Data to process below:

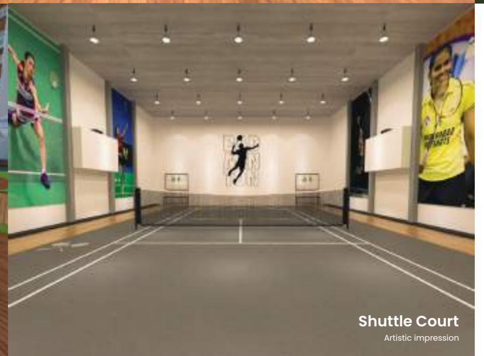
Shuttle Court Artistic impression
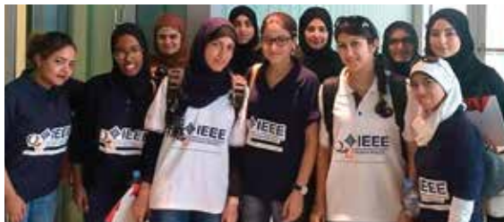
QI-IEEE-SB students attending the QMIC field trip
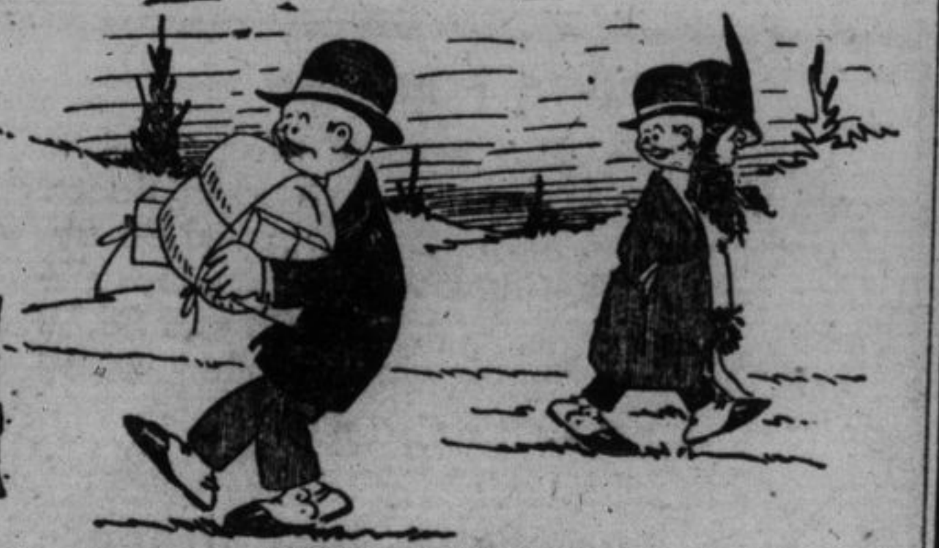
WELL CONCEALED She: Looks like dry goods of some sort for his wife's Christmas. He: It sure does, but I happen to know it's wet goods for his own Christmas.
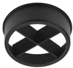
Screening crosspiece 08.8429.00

End of Data to process.
Data to process below:

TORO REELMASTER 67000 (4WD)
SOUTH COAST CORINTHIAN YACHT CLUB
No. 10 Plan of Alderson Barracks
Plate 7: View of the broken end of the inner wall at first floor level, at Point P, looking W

End of Data to process.

## Task:
Proceeding from the line containing "TORO REELMASTER 67000 (4WD)" through the line containing "Plate 7: View", transcribe the lines above exactly, both end lines included.

## Response area:
TORO REELMASTER 67000 (4WD)
SOUTH COAST CORINTHIAN YACHT CLUB
No. 10 Plan of Alderson Barracks
Plate 7: View of the broken end of the inner wall at first floor level, at Point P, looking W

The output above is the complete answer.